At the root of the failure of the Cabinet Mission Plan or other similar efforts to work out a deal between the Congress and the Muslim League was the refusal of the Congress leadership to recognise the fact that the Muslim League had grown in popularity and indeed represented the aspirations of many millions of Muslims in India. The Congress was a secular party and it wanted a complete monopoly of political power, so its leaders would say we represent everybody in India and have no reasons to deal with Muslim League or any other regional party. This stand of the Congress drove parties like Fazlul Haque's Krishak Praja Party in Bengal and Sikander Hayat Khan's Unionist Party in Punjab into the arms of Jinnah and pushed both Bengal and Punjab on the road to partition.

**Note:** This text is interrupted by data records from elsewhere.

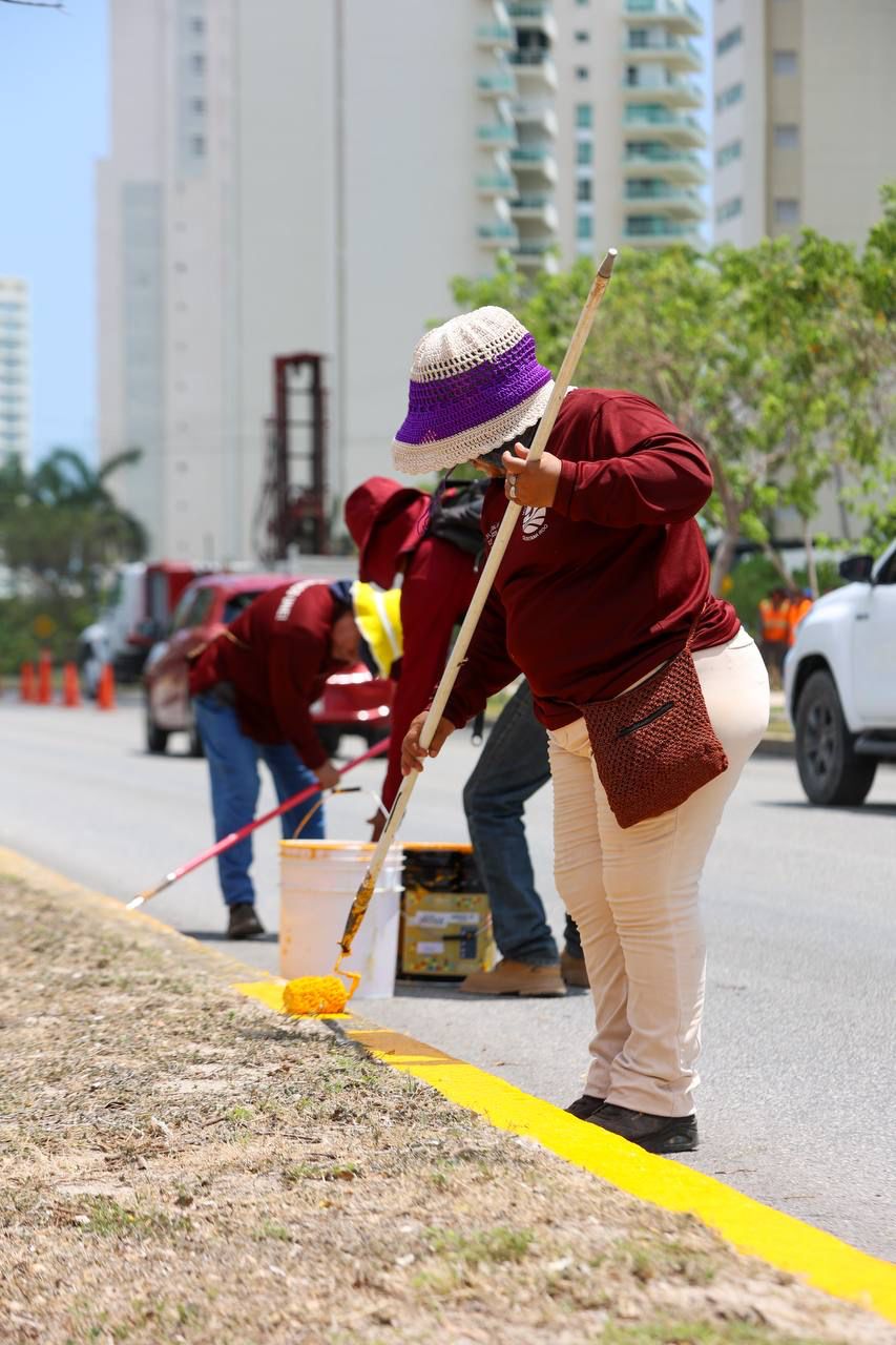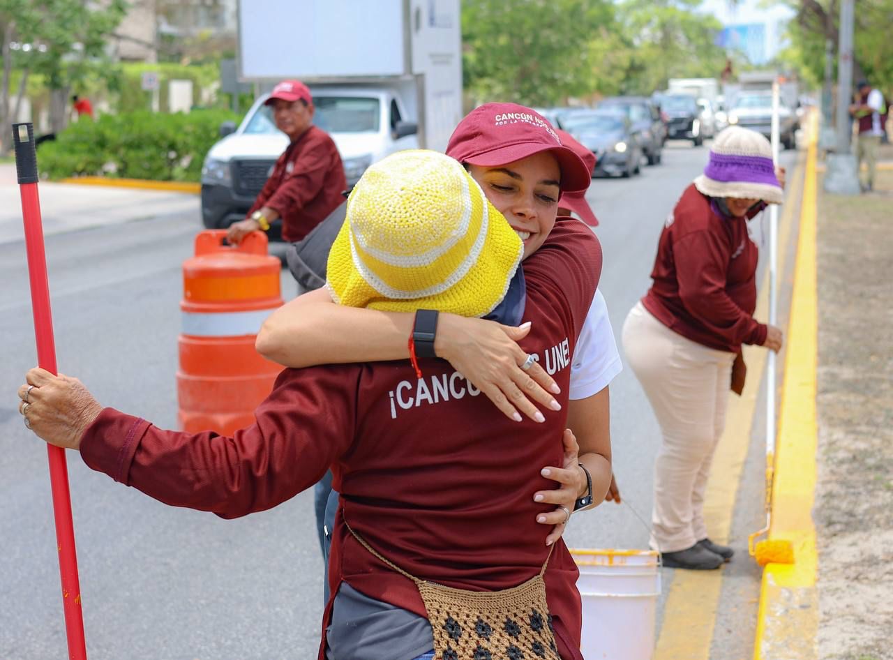 Cancún, Q. R., a 26 de mayo de 2025.- Con el compromiso de mejorar la imagen urbana de Cancún, la Presidenta Municipal, Ana Paty Peralta, supervisó los trabajos de limpieza realizados por personal de la Dirección de Servicios Públicos en el primer cuadro de la ciudad, en la Av. Bonampak, desde la glorieta del kilómetro 0 hasta la Av. López Portillo.
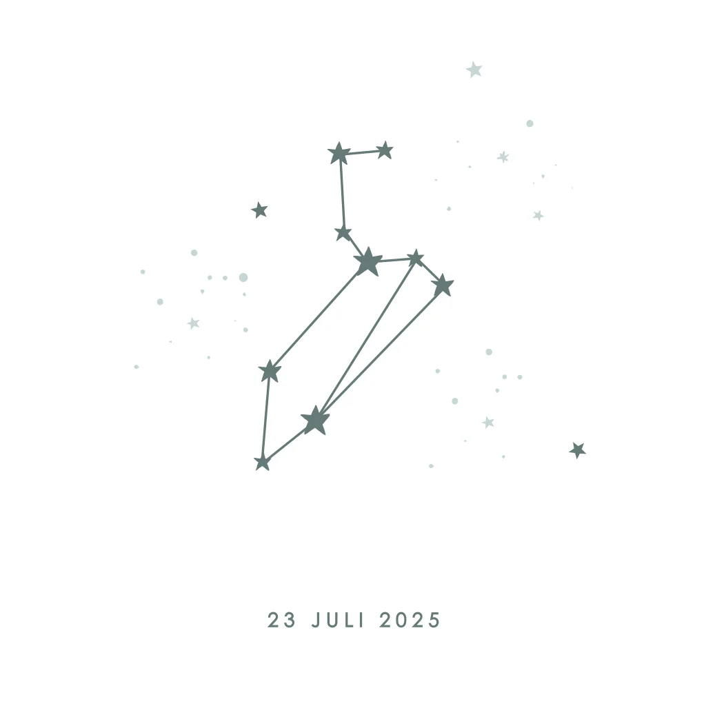 Wil jij dit geboortekaartje laten personaliseren met het sterrenbeeld van jouw eigen kindje? Vul het aanvraagformulier op deze pagina in.
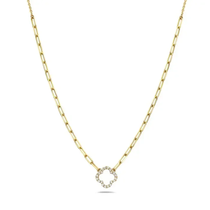 Necklace diamond trefoil on paperclip chain-Bassali
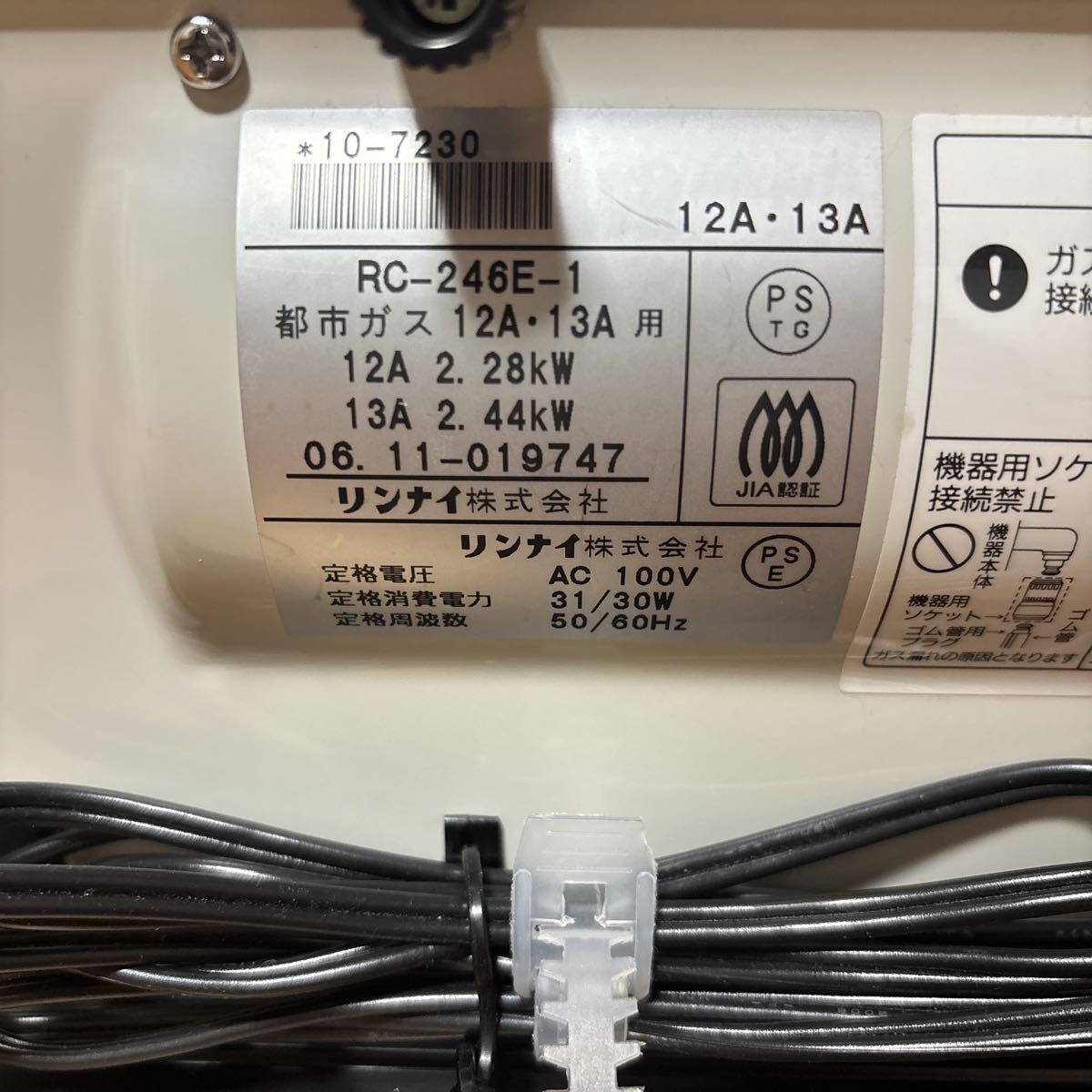 東邦ガス リンナイ RC-24FSA 都市ガス
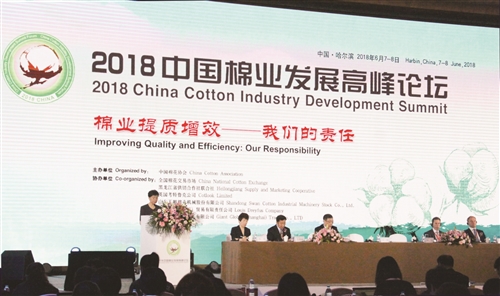 本报讯 (记者 于璐娜)6月7日,由中国棉花协会主办的2018中国棉业高峰论坛在黑龙江省哈尔滨市开幕。中华全国供销合作总社党组书记、理事会主任王侠出席开幕式并致辞,中国棉花协会会长戴公兴做主旨发言,黑龙江省人民政府副省长刘忻致欢迎辞。
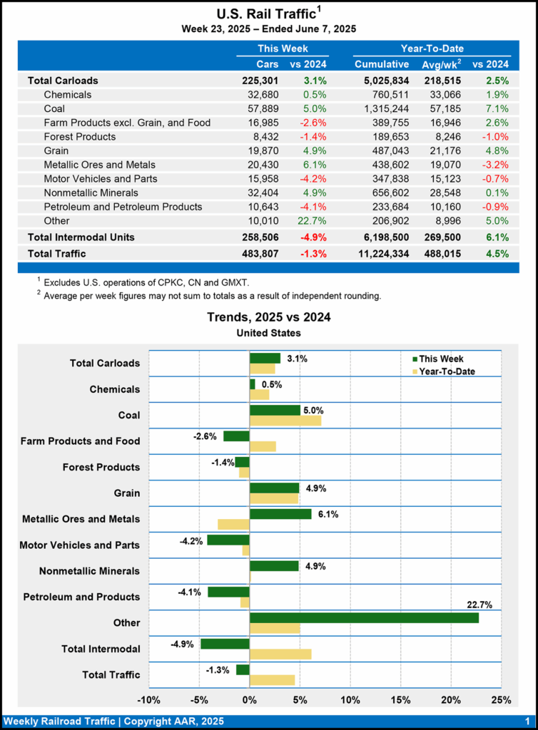 Six of the 10 carload commodity groups posted an increase for the week ending June 7, 2025, compared with the same week last year, the AAR reported June 11. They included coal, up 2,772 carloads, to 57,889; miscellaneous carloads, up 1,855 carloads, to 10,010; and nonmetallic minerals, up 1,503 carloads, to 32,404. Commodity groups that posted declines included motor vehicles and parts, down 701 carloads, to 15,958; petroleum and petroleum products, down 460 carloads, to 10,643; and farm products excluding grain, and food, down 452 carloads, to 16,985.
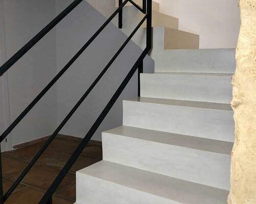 Microcement works well on floors, walls, bathrooms, kitchens, hallways, and stairs. It’s used in both residential and commercial spaces when you want a clean, continuous finish.

Sikander Hayat Khan was a Punjabi regionalist and governed Punjab after the 1937 elections through an alliance that included his Muslim-dominated Unionist Party, the Sikh-dominated Akali Dal and the Hindu-dominated Congress. Fazlul Haque was also a Bengali regionalist and his Krishak Praja party, though largely Muslim because Bengal's peasents were mostly Muslim, was more of a socialist party that demanded land rights for tillers of the soil and abolition of zamindari. Both these parties were initially very hostile to Jinnah because they feared his politics would divide the country. The Congress refused to accomodate Haque's Krishak Praja party because the Hindu landowners lobby in the state Congress saw it as a threat to their zamindari. In Punjab, Sikander Hayat finally broke away from the Congress during the Quit India movement because he felt a turbulent transfer of power would divide Punjab. Ironically, the reason for which Sir Sikander came to an understanding with Jinnah - to maintain Punjab's unity - was defeated ultimately in the bloodbath that turned Punjab red with the massacre of millions. All major historians who have studied this period have concluded that the Congress' failure to keep the Unionist Party in Punjab and the Krishak Praja Party in Bengal in its fold started the long road to Partition - because the Muslim League got a mass base in both these provinces when the two regional parties joined hands with Jinnah and supported the Lahore resolution for a separate Pakistan.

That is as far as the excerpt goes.